Will fanatical conservatives be able to rally to a man they see as a
traitor, while two brands of moderate Democrats continue to tear
their party apart?
The great unknown
The great unknown of 2008, therefore, seems to me to boil down to these five linked conundrums:
First, how radical is Barack Obama? Does he agree with the Clintons that as a matter of historical inevitability "the era of big government is over", and that what Edmund Burke called the "reign of sophisters, calculators and economists" - or in modern jargon the age of corporate public-relations men, think-tank pundits and hedge-fund acrobats - has succeeded?
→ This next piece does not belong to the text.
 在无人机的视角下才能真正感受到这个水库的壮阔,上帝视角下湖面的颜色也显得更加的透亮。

Or will he, and can he, reassert the authority of democratically elected government over corporate and other special interests?
Second, if Obama does want to see a rejuvenation of social democracy (on the lines of Roosevelt's "new deal" and Lyndon Johnson's "great society", adjusted for the 21st century), how boldly will he distinguish himself from Hillary Clinton in this respect? After all, Bill Clinton "triangulated" with the Republicans over welfare reform. Hillary Clinton's healthcare plan failed, not because it was too radical, but because it was not radical enough, so that it could be blown away by the clever but crass Harry and Louise campaign. "They choose", said Harry. "We lose", said Louise.
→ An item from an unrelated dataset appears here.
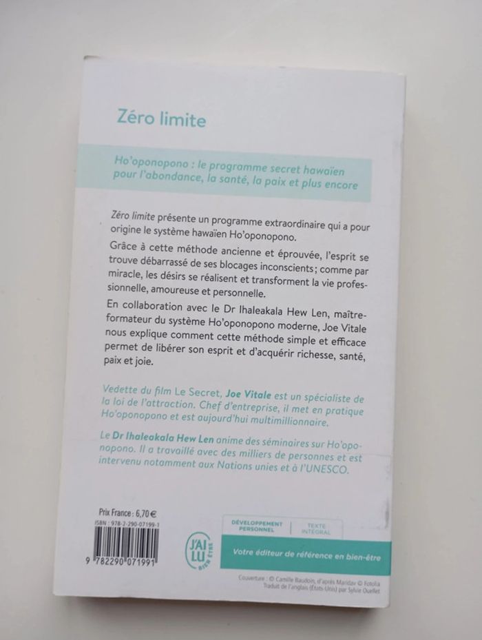 Zéro limite présente un programme extraordinaire qui a pour origine le système hawaïen Ho'oponopono. Grâce à cette méthode ancienne et éprouvée, l'esprit se trouve débarrassé de ses blocages inconscients ; comme par miracle, les désirs se réalisent et transforment la vie professionnelle, amoureuse et personnelle. En collaboration avec le Dr Ihaleakala Hew Len, maître formateur du système Ho'oponopono moderne, Joe Vitale nous explique comment cette formule simple et efficace permet de libérer son esprit et d'acquérir richesse, santé, paix et joie. 288 pages Dimensions : 11 x 18 cm Livre en excellent état #hawai #hooponopono

Third, if Obama does frame the policy issues in this way (though not necessarily in this language), will a majority of Democrats back him?
Fourth, if he does present himself as the candidate of substantial change in bold but at the same time practical terms, can he beat John McCain in November?
In other words - the fifth and biggest condundrum of all - does all the talk of change amount to the serious intention to end to the conservative ascendancy - a moment of realignment? What precise groups of voters, what interests, tendencies or tribes, will shift from voting for Republicans to voting for a relatively unknown and untried Democratic candidate with a distinctly exotic political profile and Hussein as his middle name?
At the moment, my instinct, or what Larry O'Brien called my "gut", tells me that there will be no such realignment in 2008. Voters have been so deeply marinaded in the complacent half-truths of conservative ideology and exceptionalist rhetoric, that they are not yet ready for realignment.
I hope I am wrong.
I fear, amid signs that a real recession may be on the way, that I am right.